Fifty shades of grey by by E.L. James – book review

Summary: When I see his long index finger, I stumble, my heart pounding, I blush again and again. My eyes are too big for my face, and he is very, very beautiful. Shake a head. I haven’t met the one yet. Victorian novels. But no, I did. Stunningly, breathtakingly beautiful. I blush and go numb. Beautiful eyebrows, perfect manicure. Gray eyes, piercing eyes, burning eyes. Burning eyes. I feel an electric shock. The muscles deep in the abdomen. Sensual lips. Her fingers touch her face, her lip, my lip. I bite my lip. I’m trembling. But I have exams, the exams are the same. I drink tea, take out the bag immediately. Question about gay!!!

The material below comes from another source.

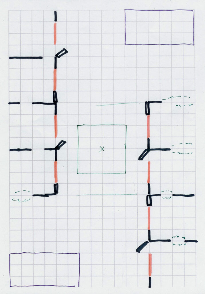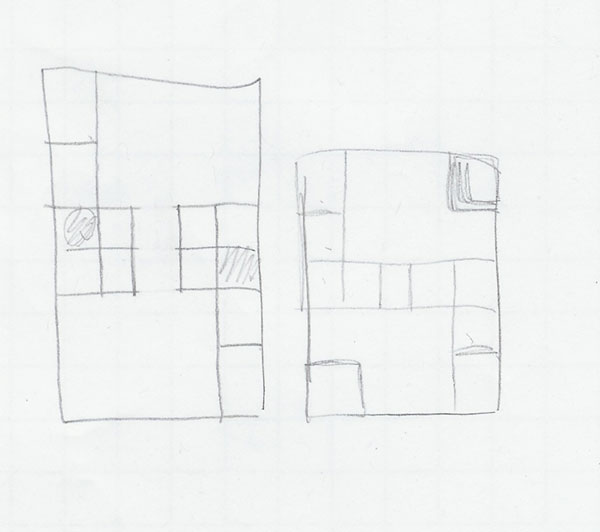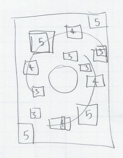 For the next design, I threw out the dividing line of cells and just ran cells down both edges of the map, roughing in a guard station in the center of the map to prevent straight-line shots from one starting area to the other. Four large cells line each side, with big windows (the orange lines) on the front of each one; after randomly using the orange marker to indicate the windows, I remember some brainstorming about making the windows a special type of wall that allowed line of fire but not ranged attacks, but that was quickly thrown out as needlessly complex.

I am not worthy of him. I always wear my best jeans. I puked on my best jeans. Beautifully shaped lips. Hormones are raging. He’s a knight. My little inner goddess is dancing the Samba, the salsa, the Rumba. Breathe. Eat. A look from under lowered lashes. –You have a big apartment. – Big? – Big. “Yes, a big one. I come on command thirty times. Sleeping beauty is still asleep. Unshaven stubble suits him. I’ll never get used to its beauty. The trousers hang seductively at the hips. The medulla oblongata turned on. There are two round balls in the palm of your hand. Perfect sculpted lips. I pout and frown at the wall.

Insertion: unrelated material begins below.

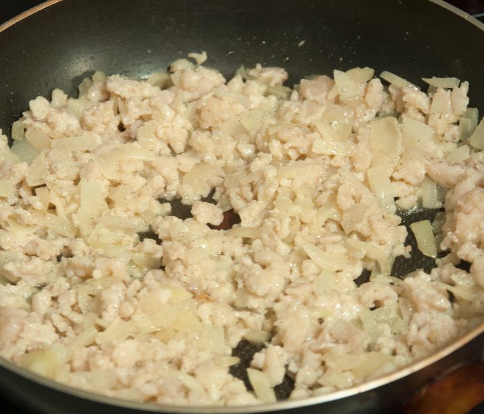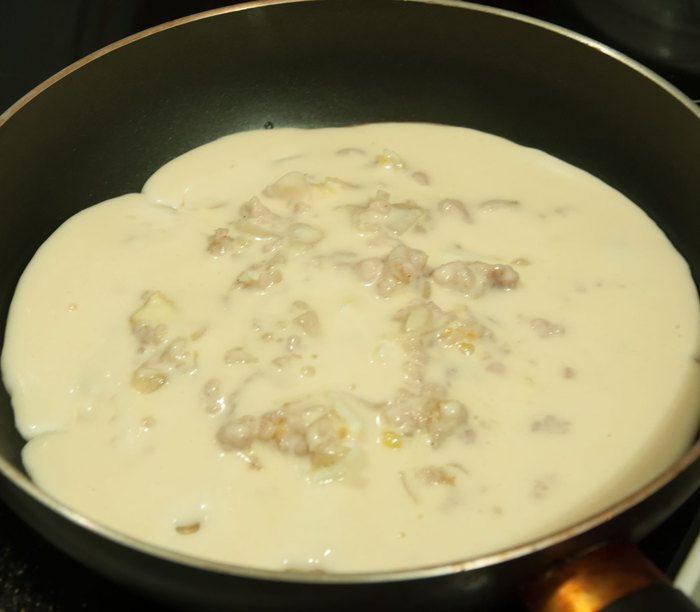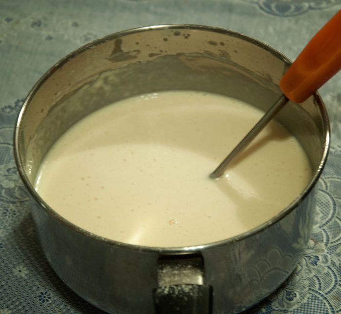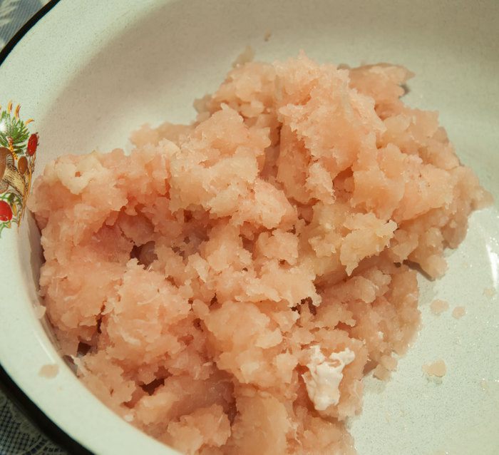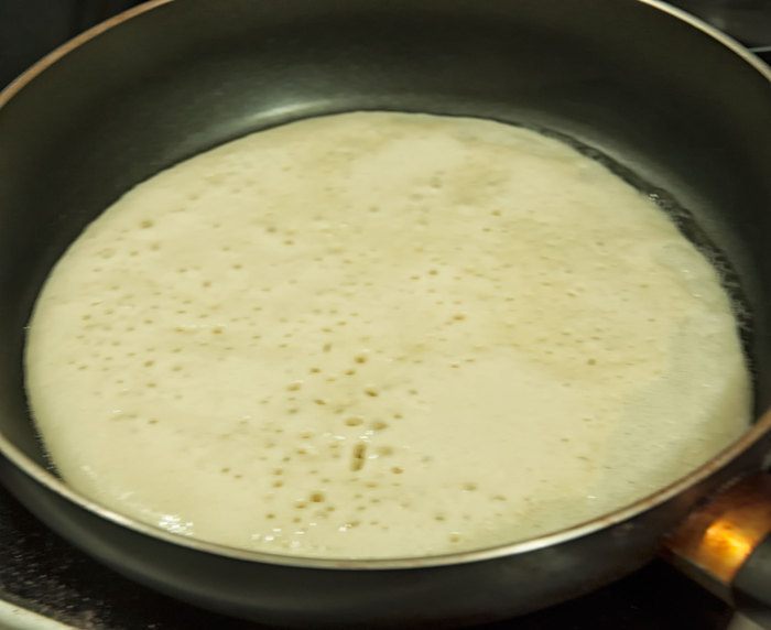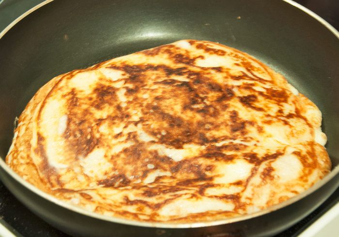 Замешиваем тесто для блинчиков на кефире. Для этого взбиваем 2 яйца, стакан кефира, добавляем столовую ложку растительного масла, ложку сахара, солим, стакан муки и перемешиваем. Чайную ложку соды без горки гасим столовой ложкой лимонного или апельсинового сока. Добавляем в тесто и сразу перемешиваем. Если тесто получилось очень густое, разбавляем кипяченой холодной водой.

We’ll never get enough of each other. I know what I need, but he can’t give it to me, and I can’t give what he needs. All. I decided to read it to find out if this is really such bullshit as they say in the reviews. Yes, this is really such bullshit.

UPD on the occasion of the review contest. I couldn’t pass it by. I watched the film to see if the film adaptation is always worse than the book. But not always. A movie based on the book” Fifty shades of grey “is better than the book” Fifty shades of grey”, if only because it lasts only two hours. A book to read longer, anyway.